The Black Cultural Zone (BCZ) Collaborative Partners is one example of those bonds; a genuine East Oakland phenomenon dead-set on centering the success of Black residents and keeping Black people in Oakland.
In response to generations of Black business owners and artists being underfunded, unsupported and displaced, the BCZ Collaborative is responsible for, amongst other things, the Akoma Market at Liberation Park, which hosts Black businesses, art and community organizers.
The BCZ Collaborative is “focused on implementing arts and cultural strategies and engaging artists and community members in art activism” within a “community development framework”.
Current District 6 Councilmember Loren Taylor is credited with helping to launch the collaborative space and has been an ardent spokesman for the project, which has quickly become a neighborhood institution.
Taylor announced he is running for mayor in September, a position held by Libby Schaaf since 2015, and if Jenkins’ campaign is successful, he hopes to carry the spirit of the BCZ into more spaces throughout Oakland.
Jenkins speaks about community action a lot, every chance he gets. Born and raised in East Oakland, he attended local schools and witnessed the changes of the last few decades first-hand as they happened to him, his family and his neighbors. His bid for city council will bring him closer than ever to having a significant hand in deciding how that change occurs.
“You have to be efficient and a collaborator to be able to get things done,” Jenkins said about his experience in elected office so far, one that is beset with inherent limitations.
“At Peralta, none of us have any power individually. You’re only as good as having four votes. And so that’s a skill in having collaboration and good relationships and understanding the ideals and values of your colleagues.”
Since the Peralta Board of Trustees began conducting meetings via Zoom, Jenkins has been joining his peers from his home in East Oakland. He sees the area as being “the last area that hasn’t been gentrified”, a sentiment he shared in an interview in April 2021 on the podcast The Black Landscape hosted by Adréa Spearman, who is also a Peralta alumni.
In their conversation, Jenkins said he thinks gentrification “happens not because people want to just move to Oakland–things change. We have more available, and those are all policy changes allowing for more bars, allowing for more bike lanes, allowing for wineries in downtown Oakland. So all of those policy changes have effects long term – that’s interesting to see how they take place 10, 15 years from now,” Jenkins said on the podcast.
“When the bike lanes come, you know things are about to change.”
Jenkins explained that how redevelopment and community improvements are handled in District 6 is paramount.
“We’ve got to make sure that the community has a say in what it is that they want there. We can’t just make the decision at City Hall. It has to be participatory governance for sure,” Jenkins said.
Co-Trustee and friend Dyana Delfín-Polk believes what sets Jenkins apart from other electeds who run on enacting policy and developing accessible housing is the real-life experience he brings to the table.

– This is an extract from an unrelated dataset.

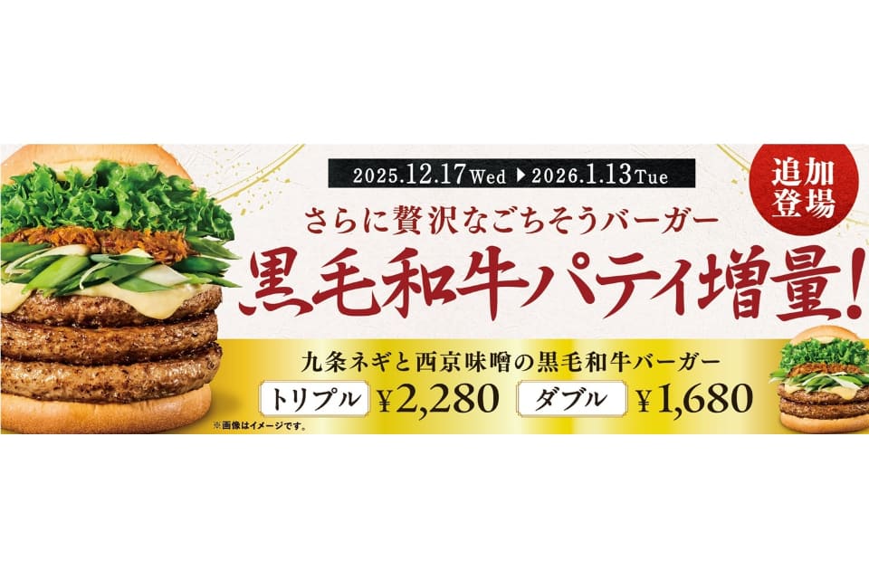 フレッシュネスバーガー(フレッシュネス)は、現在販売中の「九条ネギと西京味噌の黒毛和牛バーガー」において、黒毛和牛パティを増量した「ダブル」と「トリプル」を、12月17日~2026年1月13日の期間限定で販売する。価格はダブルが1680円、トリプルが2280円。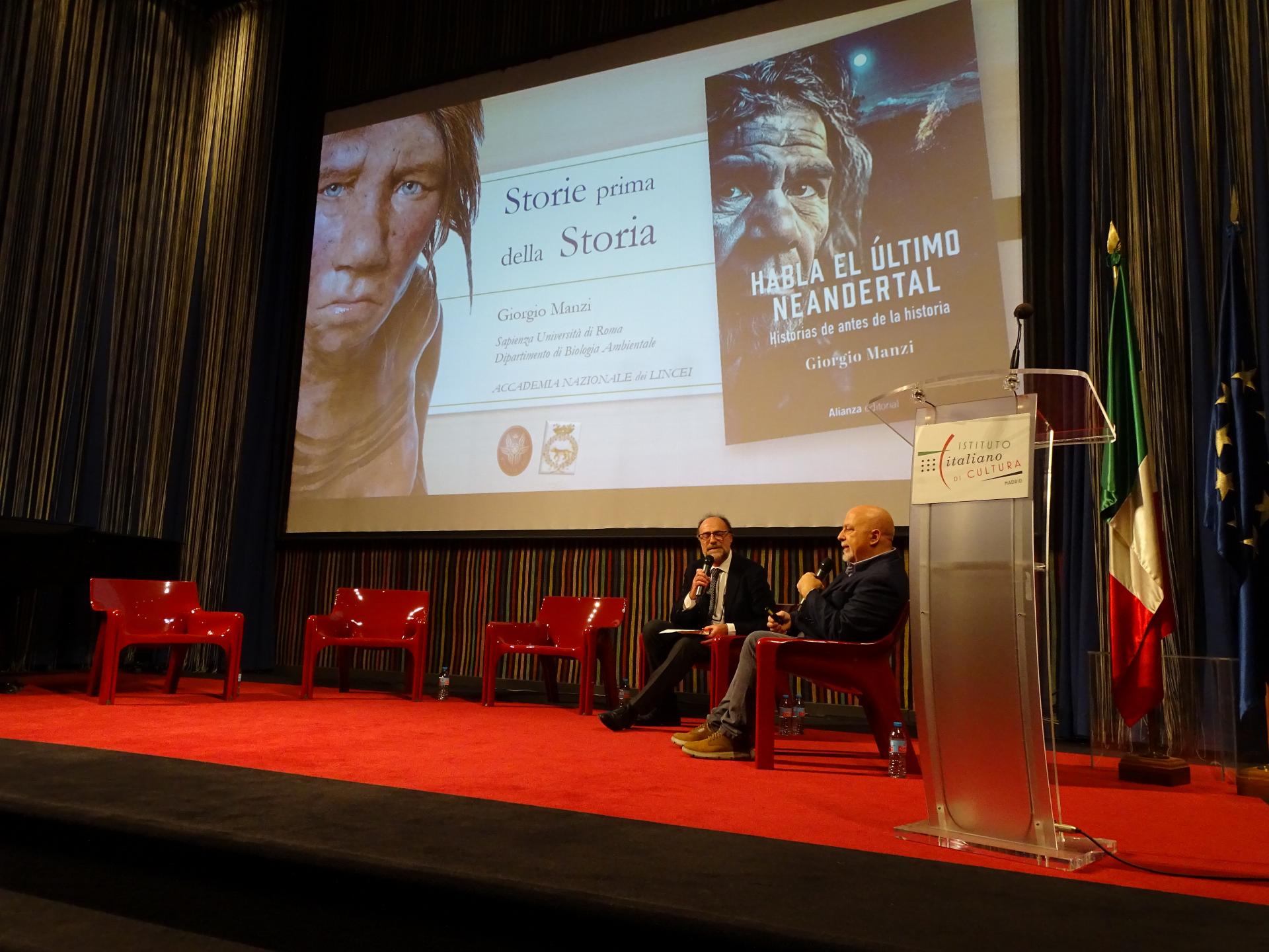 En la primera parte de la velada, el agregado científico de la Embajada, Sergio Scopetta, conversó con el profesor Giorgio Manzi, de la Universidad La Sapienza de Roma, investigador de renombre internacional, académico de la Accademia dei Lincei y autor de libros divulgativos traducidos también al español. En la conversación se abordaron algunos momentos fundamentales de la evolución de nuestra especie «Homo», como la extinción de la especie «Neanderthal». También se habló brevemente del efecto del cambio climático en la dieta de nuestros antepasados, dada la atención prestada recientemente a la educación y la sostenibilidad alimentaria, con motivo de la Semana de la Cocina Italiana en el Mundo.

“I think that that’s what’s on his heart,” Polk said. “It’s a big piece of what I hope will work for him to become successful in his bid for council.”
Polk began serving as trustee the same year as Jenkins, and she said he made it known that creating student housing was at the top of his mind, citing the immediate need for housing amongst Peralta students and the sprawling parking lots at Laney and Merritt colleges that could potentially be repurposed.
Speaking with The Citizen, Jenkins revealed that the Peralta District is currently working on applying for funding through the state’s Senate Bill 169, which allocated $1 billion for community college housing.
“You have to lead with: ‘That is a red line for me that I am not willing to cross.’ You also have to stop people from falling into the cycle of homelessness. Once people fall into that cycle, it’s hard to get out,” Jenkins said.
The nature of governing bodies (like trustee boards or city councils) is that decisions are made by majority consensus, something which Jenkins has been learning to navigate during this last year at Peralta.
“We’re really limited in what we can do. No one person has any authority, we have authority as a board, as a group,” Jenkins said. But he is confident in the relationships he already has with some of the most consequential public servants in Oakland and his ability to develop further relationships will turn platforms into praxis.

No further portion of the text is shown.